TIMEFRAME:
2021/06/10 01:18 PM PDT - 2021/06/10 04:26 PM PDT
SUMMARY AND IMPACT:
During the above timeline, customers in our Europe Cloud environment experienced intermittent connectivity issues and/or slower than normal performance to Zuora Billing UI and APIs. Within this region, we use three availability zones for our load balancing and traffic routing & distributions systems. As this only impacted one of three availability zones used by Zuora, approximately 1/3rd of the traffic was exposed to this issue, and of that 1/3rd - only a small fraction of traffic realized any direct impact.
This event triggered multiple alerts from our infrastructure monitoring in near real-time as the event started, and continued to alert intermittently until the issue mitigation was deployed.

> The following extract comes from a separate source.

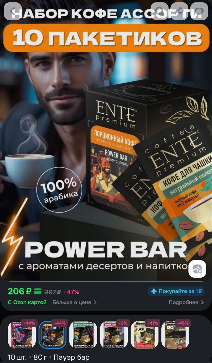 Набор порционного кофе Power bar ENTE 80 г, 10 пакетиков за 206₽ https://ozon.ru/t/LtoQ2DH

ROOT CAUSE: Our Cloud service provider experienced a temperature management issue within one of three availability zones used by Zuora Billing services in that region. This in turn resulted in a small subset of cloud instances (that were part of the top-level traffic distribution layer) in the affected availability zone to become unavailable or less performant.
RESOLUTION
Mitigation:
Zuora Engineers removed the top-level distribution layer from routing traffic to the impacted instance’s availability zone which restored normal operations. Timeline for removal: 3:39PM PDT for EU Sandbox, and 3:43PM PDT for EU Production. Following this action, we observed improved and normalized operations for all impacted environments.
Resolution:
Our cloud service provider was able to address the issue and normalize the performance and confirmed restoration of their systems by 4:33 PM PDT. Following confirmation, Zuora restored the affected availability zone to EU Sandbox systems for continued observation. After observing continued stability of affected systems for another 12h, we restored EU production environments as well.
FUTURE PREVENTATIVE MEASURES:
NOTE: For this incident, the impacted components were mistakenly marked against AMERICAS CLOUD datacenter. This was in error as the impacted center was EUROPE CLOUD which was correctly referenced in the incident title. We apologies for any confusion.